* _WHAT YOU ARE ASKED TO DO_
Repeat the records exactly, with one exception: no images.

(Records from a collection)

□ □ □ □ □ □ □

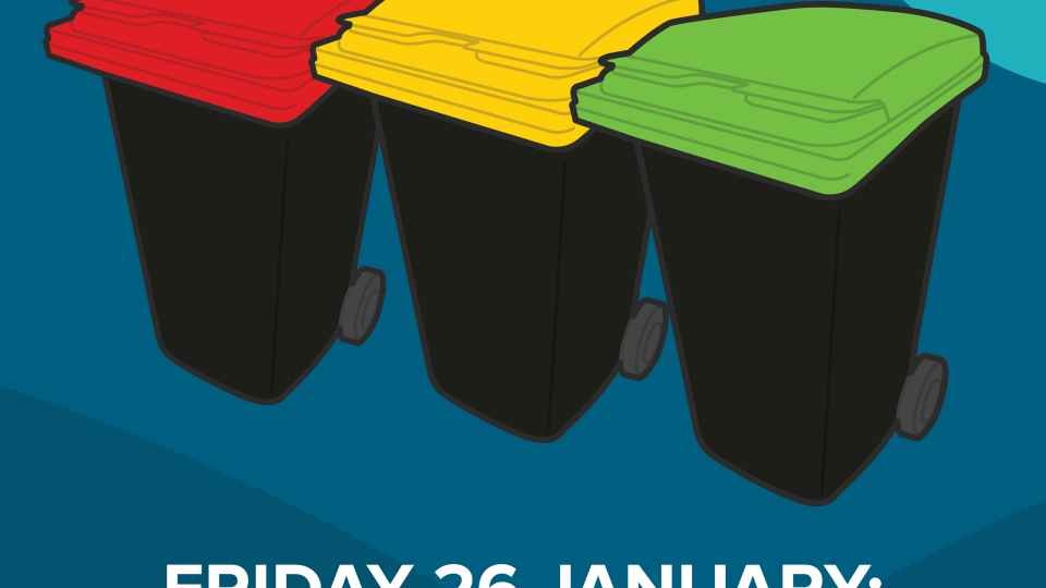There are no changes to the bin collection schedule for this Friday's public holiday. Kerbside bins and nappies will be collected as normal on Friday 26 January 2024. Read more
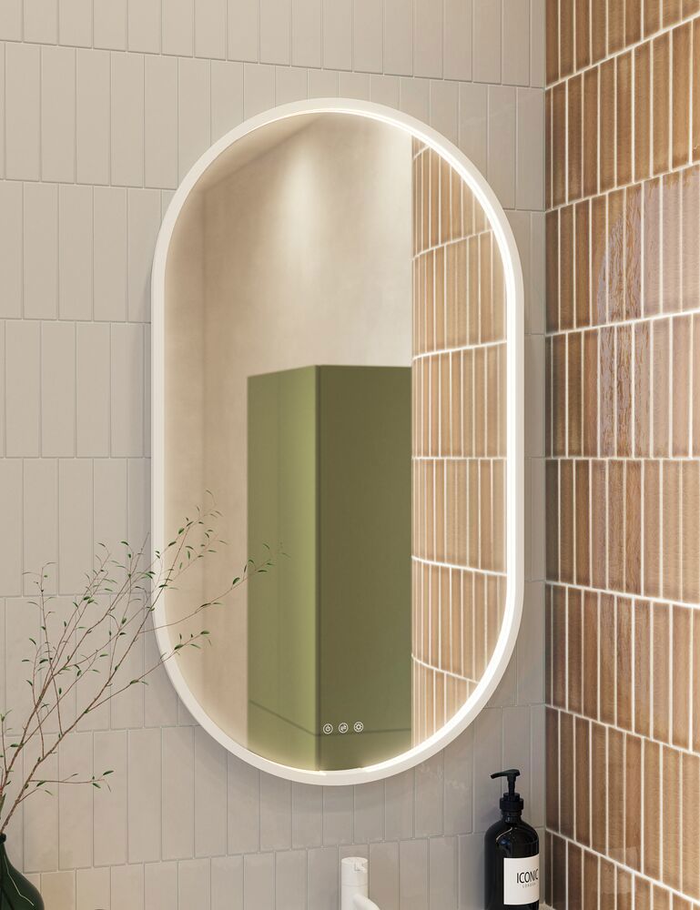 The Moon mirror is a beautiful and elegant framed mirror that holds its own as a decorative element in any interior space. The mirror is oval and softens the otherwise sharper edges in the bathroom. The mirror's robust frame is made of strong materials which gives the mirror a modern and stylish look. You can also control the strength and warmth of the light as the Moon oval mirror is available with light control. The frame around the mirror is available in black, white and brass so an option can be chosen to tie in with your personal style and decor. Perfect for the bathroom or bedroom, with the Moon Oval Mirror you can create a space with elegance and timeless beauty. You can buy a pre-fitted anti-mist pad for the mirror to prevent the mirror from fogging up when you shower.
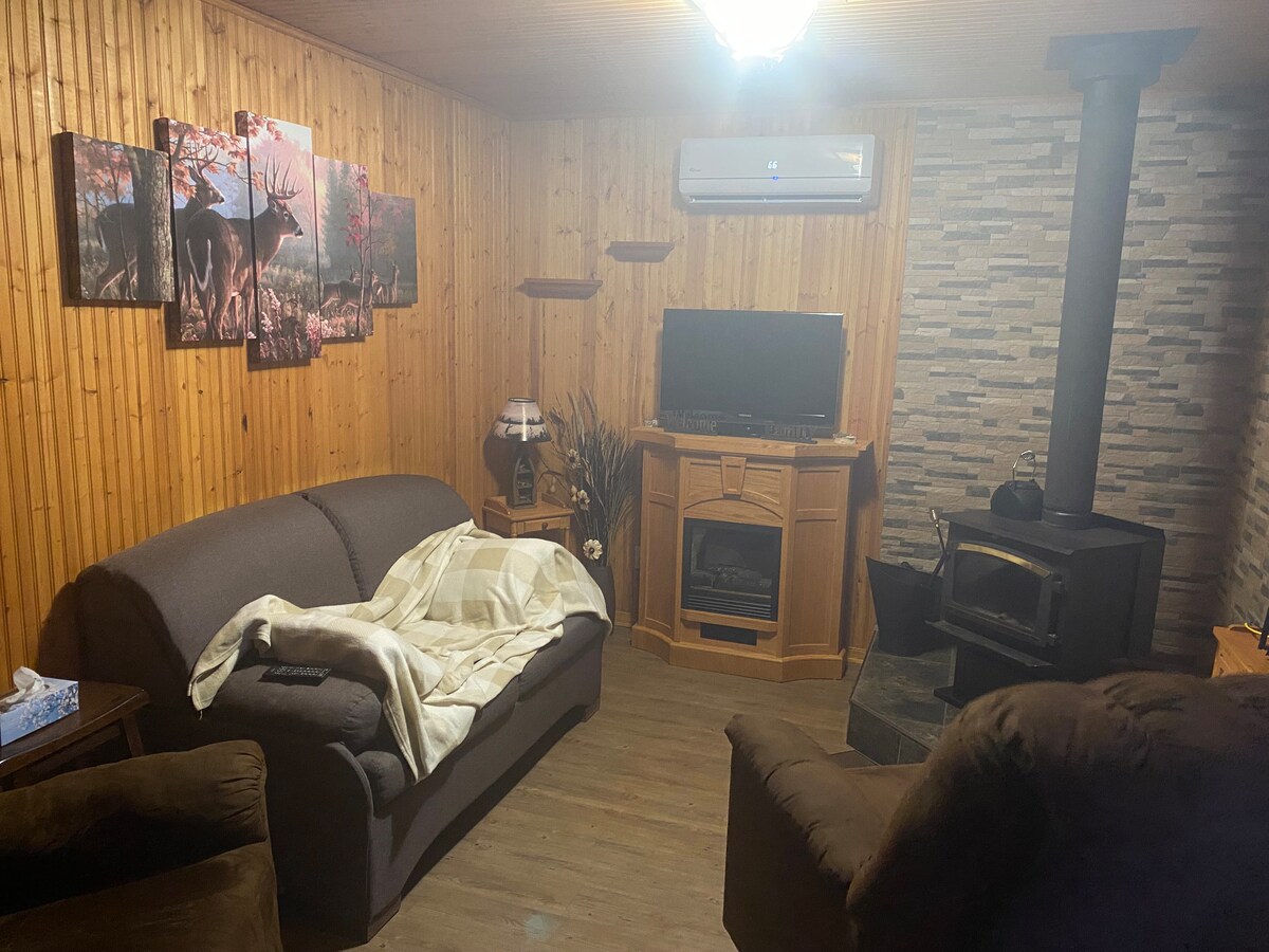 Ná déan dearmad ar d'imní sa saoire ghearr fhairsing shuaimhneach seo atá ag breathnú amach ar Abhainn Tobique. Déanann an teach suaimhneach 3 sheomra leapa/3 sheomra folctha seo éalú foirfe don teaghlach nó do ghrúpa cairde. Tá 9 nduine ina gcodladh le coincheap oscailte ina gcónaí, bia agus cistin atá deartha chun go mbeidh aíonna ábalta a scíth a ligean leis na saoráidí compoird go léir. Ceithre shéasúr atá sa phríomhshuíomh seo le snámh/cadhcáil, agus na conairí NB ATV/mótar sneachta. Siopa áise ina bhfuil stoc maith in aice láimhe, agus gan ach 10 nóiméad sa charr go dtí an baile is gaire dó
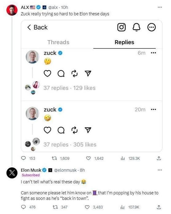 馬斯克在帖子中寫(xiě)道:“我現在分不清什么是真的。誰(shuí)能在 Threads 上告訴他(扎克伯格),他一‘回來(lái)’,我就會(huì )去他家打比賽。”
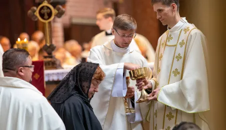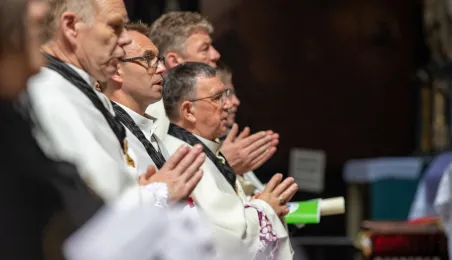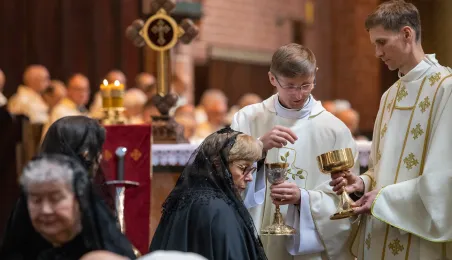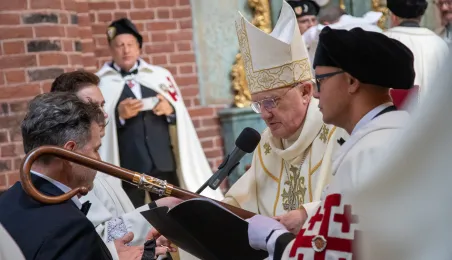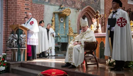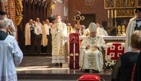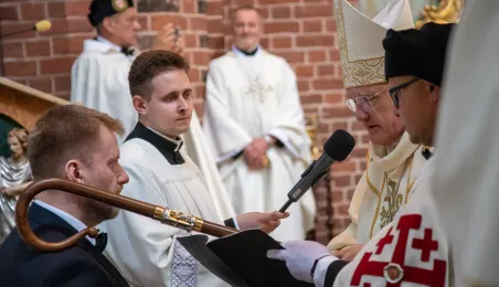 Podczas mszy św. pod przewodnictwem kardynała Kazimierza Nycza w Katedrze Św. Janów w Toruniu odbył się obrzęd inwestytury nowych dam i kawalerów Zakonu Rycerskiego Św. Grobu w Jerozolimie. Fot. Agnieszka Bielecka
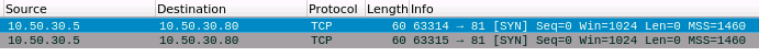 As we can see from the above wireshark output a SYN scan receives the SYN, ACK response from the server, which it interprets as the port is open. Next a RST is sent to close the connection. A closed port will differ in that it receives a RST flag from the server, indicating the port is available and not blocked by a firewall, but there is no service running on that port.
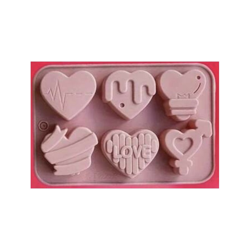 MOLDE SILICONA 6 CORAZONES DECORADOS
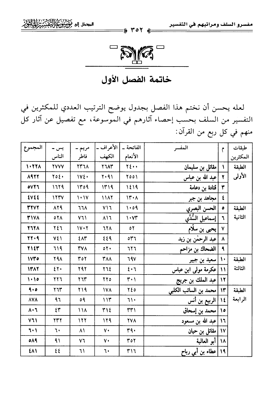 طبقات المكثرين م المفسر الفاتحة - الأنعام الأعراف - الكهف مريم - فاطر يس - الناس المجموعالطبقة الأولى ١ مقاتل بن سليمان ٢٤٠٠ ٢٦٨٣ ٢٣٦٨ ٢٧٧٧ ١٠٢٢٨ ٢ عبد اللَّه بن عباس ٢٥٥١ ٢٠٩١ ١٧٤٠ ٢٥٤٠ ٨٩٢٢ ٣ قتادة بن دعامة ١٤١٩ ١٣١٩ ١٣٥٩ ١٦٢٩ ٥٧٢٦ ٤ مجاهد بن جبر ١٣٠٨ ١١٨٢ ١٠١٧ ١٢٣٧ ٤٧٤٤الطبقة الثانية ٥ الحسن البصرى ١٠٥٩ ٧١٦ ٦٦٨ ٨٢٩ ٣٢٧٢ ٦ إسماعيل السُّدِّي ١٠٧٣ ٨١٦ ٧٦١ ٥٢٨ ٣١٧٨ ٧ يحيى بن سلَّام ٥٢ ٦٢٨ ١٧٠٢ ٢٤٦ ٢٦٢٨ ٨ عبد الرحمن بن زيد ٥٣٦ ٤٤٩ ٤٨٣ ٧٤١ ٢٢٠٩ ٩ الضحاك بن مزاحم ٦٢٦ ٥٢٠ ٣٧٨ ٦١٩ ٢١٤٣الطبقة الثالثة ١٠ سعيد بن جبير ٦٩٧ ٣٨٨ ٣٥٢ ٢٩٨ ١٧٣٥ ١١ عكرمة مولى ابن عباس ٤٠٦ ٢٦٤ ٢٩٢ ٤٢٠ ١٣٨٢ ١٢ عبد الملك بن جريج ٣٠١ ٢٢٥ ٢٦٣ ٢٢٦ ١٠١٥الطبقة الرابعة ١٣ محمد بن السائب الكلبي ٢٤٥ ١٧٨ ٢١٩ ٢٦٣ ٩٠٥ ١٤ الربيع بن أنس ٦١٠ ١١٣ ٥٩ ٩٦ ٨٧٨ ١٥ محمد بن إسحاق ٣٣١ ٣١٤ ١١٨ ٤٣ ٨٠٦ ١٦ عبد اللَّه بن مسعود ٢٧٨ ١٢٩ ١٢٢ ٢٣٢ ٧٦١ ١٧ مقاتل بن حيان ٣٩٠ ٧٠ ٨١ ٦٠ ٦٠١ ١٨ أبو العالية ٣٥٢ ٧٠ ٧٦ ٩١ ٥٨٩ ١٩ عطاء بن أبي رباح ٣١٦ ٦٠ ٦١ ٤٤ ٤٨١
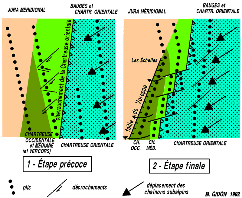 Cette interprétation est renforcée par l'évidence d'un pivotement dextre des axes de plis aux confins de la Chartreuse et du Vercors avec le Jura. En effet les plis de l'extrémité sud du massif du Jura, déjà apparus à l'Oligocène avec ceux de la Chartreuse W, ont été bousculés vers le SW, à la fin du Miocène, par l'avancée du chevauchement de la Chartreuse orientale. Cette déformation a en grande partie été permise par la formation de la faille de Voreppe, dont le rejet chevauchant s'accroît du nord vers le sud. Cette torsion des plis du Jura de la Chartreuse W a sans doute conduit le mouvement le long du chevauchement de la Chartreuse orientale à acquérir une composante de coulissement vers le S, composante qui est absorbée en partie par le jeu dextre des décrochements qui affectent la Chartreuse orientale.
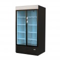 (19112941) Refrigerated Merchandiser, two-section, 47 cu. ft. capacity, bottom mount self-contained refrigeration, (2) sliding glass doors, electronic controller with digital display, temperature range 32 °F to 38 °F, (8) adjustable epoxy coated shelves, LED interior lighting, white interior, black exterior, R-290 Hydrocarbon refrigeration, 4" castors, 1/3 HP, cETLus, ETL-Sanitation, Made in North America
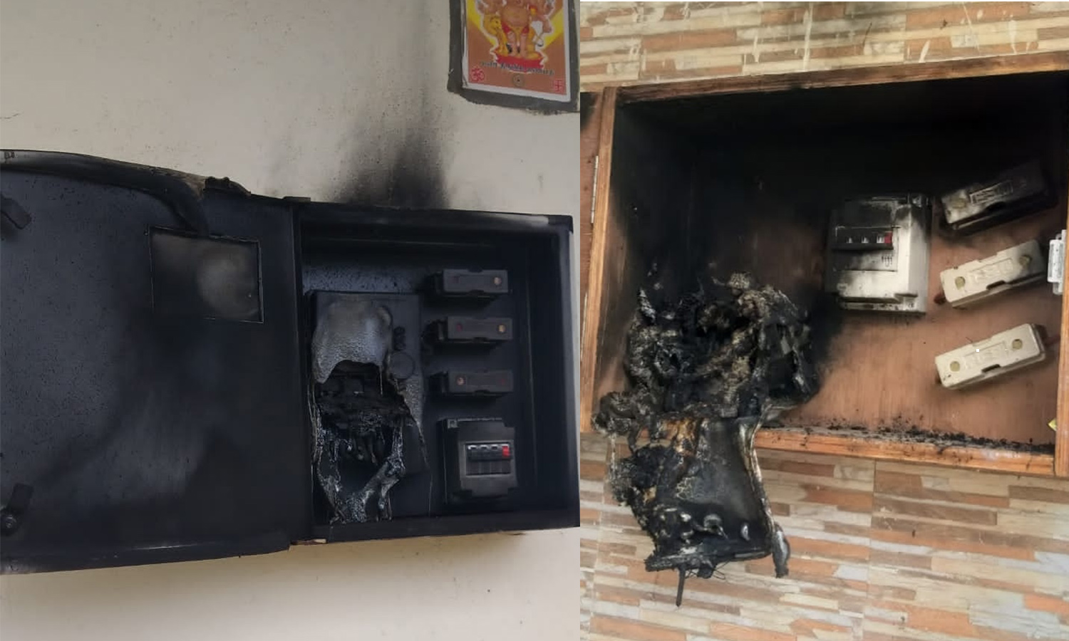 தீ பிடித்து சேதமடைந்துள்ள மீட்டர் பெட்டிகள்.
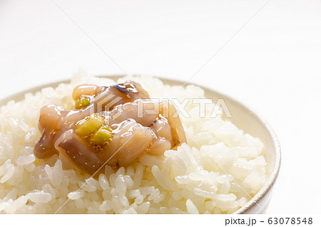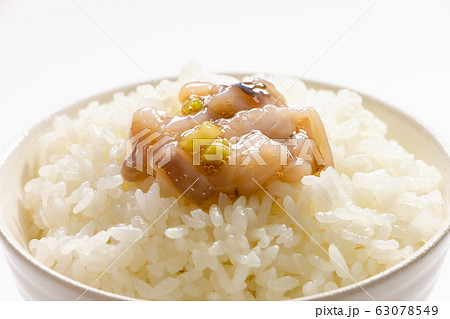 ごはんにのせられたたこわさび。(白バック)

□ □ □ □ □ □ □

* _RESPONSE BELOW_
There are no changes to the bin collection schedule for this Friday's public holiday. Kerbside bins and nappies will be collected as normal on Friday 26 January 2024. Read more
 The Moon mirror is a beautiful and elegant framed mirror that holds its own as a decorative element in any interior space. The mirror is oval and softens the otherwise sharper edges in the bathroom. The mirror's robust frame is made of strong materials which gives the mirror a modern and stylish look. You can also control the strength and warmth of the light as the Moon oval mirror is available with light control. The frame around the mirror is available in black, white and brass so an option can be chosen to tie in with your personal style and decor. Perfect for the bathroom or bedroom, with the Moon Oval Mirror you can create a space with elegance and timeless beauty. You can buy a pre-fitted anti-mist pad for the mirror to prevent the mirror from fogging up when you shower.
 Ná déan dearmad ar d'imní sa saoire ghearr fhairsing shuaimhneach seo atá ag breathnú amach ar Abhainn Tobique. Déanann an teach suaimhneach 3 sheomra leapa/3 sheomra folctha seo éalú foirfe don teaghlach nó do ghrúpa cairde. Tá 9 nduine ina gcodladh le coincheap oscailte ina gcónaí, bia agus cistin atá deartha chun go mbeidh aíonna ábalta a scíth a ligean leis na saoráidí compoird go léir. Ceithre shéasúr atá sa phríomhshuíomh seo le snámh/cadhcáil, agus na conairí NB ATV/mótar sneachta. Siopa áise ina bhfuil stoc maith in aice láimhe, agus gan ach 10 nóiméad sa charr go dtí an baile is gaire dó
 馬斯克在帖子中寫(xiě)道:“我現在分不清什么是真的。誰(shuí)能在 Threads 上告訴他(扎克伯格),他一‘回來(lái)’,我就會(huì )去他家打比賽。”
 Podczas mszy św. pod przewodnictwem kardynała Kazimierza Nycza w Katedrze Św. Janów w Toruniu odbył się obrzęd inwestytury nowych dam i kawalerów Zakonu Rycerskiego Św. Grobu w Jerozolimie. Fot. Agnieszka Bielecka
 As we can see from the above wireshark output a SYN scan receives the SYN, ACK response from the server, which it interprets as the port is open. Next a RST is sent to close the connection. A closed port will differ in that it receives a RST flag from the server, indicating the port is available and not blocked by a firewall, but there is no service running on that port.
 MOLDE SILICONA 6 CORAZONES DECORADOS
 طبقات المكثرين م المفسر الفاتحة - الأنعام الأعراف - الكهف مريم - فاطر يس - الناس المجموعالطبقة الأولى ١ مقاتل بن سليمان ٢٤٠٠ ٢٦٨٣ ٢٣٦٨ ٢٧٧٧ ١٠٢٢٨ ٢ عبد اللَّه بن عباس ٢٥٥١ ٢٠٩١ ١٧٤٠ ٢٥٤٠ ٨٩٢٢ ٣ قتادة بن دعامة ١٤١٩ ١٣١٩ ١٣٥٩ ١٦٢٩ ٥٧٢٦ ٤ مجاهد بن جبر ١٣٠٨ ١١٨٢ ١٠١٧ ١٢٣٧ ٤٧٤٤الطبقة الثانية ٥ الحسن البصرى ١٠٥٩ ٧١٦ ٦٦٨ ٨٢٩ ٣٢٧٢ ٦ إسماعيل السُّدِّي ١٠٧٣ ٨١٦ ٧٦١ ٥٢٨ ٣١٧٨ ٧ يحيى بن سلَّام ٥٢ ٦٢٨ ١٧٠٢ ٢٤٦ ٢٦٢٨ ٨ عبد الرحمن بن زيد ٥٣٦ ٤٤٩ ٤٨٣ ٧٤١ ٢٢٠٩ ٩ الضحاك بن مزاحم ٦٢٦ ٥٢٠ ٣٧٨ ٦١٩ ٢١٤٣الطبقة الثالثة ١٠ سعيد بن جبير ٦٩٧ ٣٨٨ ٣٥٢ ٢٩٨ ١٧٣٥ ١١ عكرمة مولى ابن عباس ٤٠٦ ٢٦٤ ٢٩٢ ٤٢٠ ١٣٨٢ ١٢ عبد الملك بن جريج ٣٠١ ٢٢٥ ٢٦٣ ٢٢٦ ١٠١٥الطبقة الرابعة ١٣ محمد بن السائب الكلبي ٢٤٥ ١٧٨ ٢١٩ ٢٦٣ ٩٠٥ ١٤ الربيع بن أنس ٦١٠ ١١٣ ٥٩ ٩٦ ٨٧٨ ١٥ محمد بن إسحاق ٣٣١ ٣١٤ ١١٨ ٤٣ ٨٠٦ ١٦ عبد اللَّه بن مسعود ٢٧٨ ١٢٩ ١٢٢ ٢٣٢ ٧٦١ ١٧ مقاتل بن حيان ٣٩٠ ٧٠ ٨١ ٦٠ ٦٠١ ١٨ أبو العالية ٣٥٢ ٧٠ ٧٦ ٩١ ٥٨٩ ١٩ عطاء بن أبي رباح ٣١٦ ٦٠ ٦١ ٤٤ ٤٨١
 Cette interprétation est renforcée par l'évidence d'un pivotement dextre des axes de plis aux confins de la Chartreuse et du Vercors avec le Jura. En effet les plis de l'extrémité sud du massif du Jura, déjà apparus à l'Oligocène avec ceux de la Chartreuse W, ont été bousculés vers le SW, à la fin du Miocène, par l'avancée du chevauchement de la Chartreuse orientale. Cette déformation a en grande partie été permise par la formation de la faille de Voreppe, dont le rejet chevauchant s'accroît du nord vers le sud. Cette torsion des plis du Jura de la Chartreuse W a sans doute conduit le mouvement le long du chevauchement de la Chartreuse orientale à acquérir une composante de coulissement vers le S, composante qui est absorbée en partie par le jeu dextre des décrochements qui affectent la Chartreuse orientale.
 (19112941) Refrigerated Merchandiser, two-section, 47 cu. ft. capacity, bottom mount self-contained refrigeration, (2) sliding glass doors, electronic controller with digital display, temperature range 32 °F to 38 °F, (8) adjustable epoxy coated shelves, LED interior lighting, white interior, black exterior, R-290 Hydrocarbon refrigeration, 4" castors, 1/3 HP, cETLus, ETL-Sanitation, Made in North America
 தீ பிடித்து சேதமடைந்துள்ள மீட்டர் பெட்டிகள்.
 ごはんにのせられたたこわさび。(白バック)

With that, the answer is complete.